First, our neighbors to the east. The Wisconsin Interscholastic Athletic Association (WIAA) sent an e-mail to its 500 member schools reporting a "noticeable increase" in unsportsmanlike taunting at athletic events during the first half of the year.

"Any action directed at opposing teams or their spectators with the intent to taunt, disrespect, distract or entice an unsporting behavior in a response is not acceptable sportsmanship," the e-mail said. "Student groups, school administrators and event managers should take immediate steps to correct this unsporting behavior."

No problem there. But the WIAA went off the rails by giving examples of common and relatively tame chants such as "Fun-da-mentals," "Airball," "There's a net there" and "Season's over." That prompted an understandable barrage of social media criticism. Call it a case of the right spirit, wrong specifics. Better for Wisconsin officials to stick with a general definition of unsportsmanlike behaviors and let schools deal with the specifics.

We have no problem with the other local case. To teach empathy and persistence, first-grade teacher Sarah Myhre and her fabulous students at Northpoint Elementary School in Blaine sent letters of encouragement to Minnesota Vikings kicker Blair Walsh following his season-ending missed field goal in a playoff game against the Seattle Seahawks.

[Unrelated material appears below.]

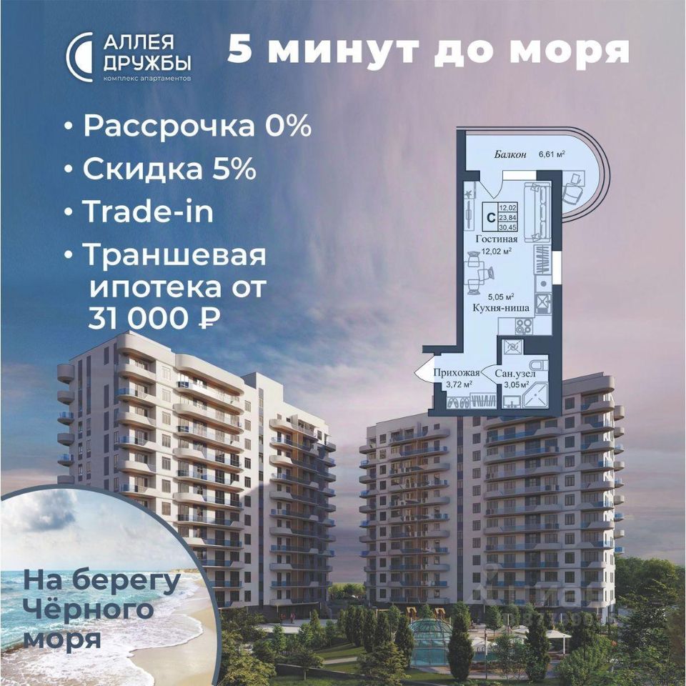 * 5 мин до моря пешком, планировки от 30 кв.м.

Among the messages: "I know that it can be hard to get through things that are sad, but you have to try and try again," "Everyone makes mistakes sometimes,'' "You can help them win the Super Bowl next year'' and "We love you.''

Walsh, who was attacked on social media after the kick, was so touched that he visited the school to thank his first-grade fans in person. He said he wanted to make sure the kids knew that the botched kick would not be a "defining moment'' for him. That's a valuable lesson in perspective for all sports fans — young and old alike.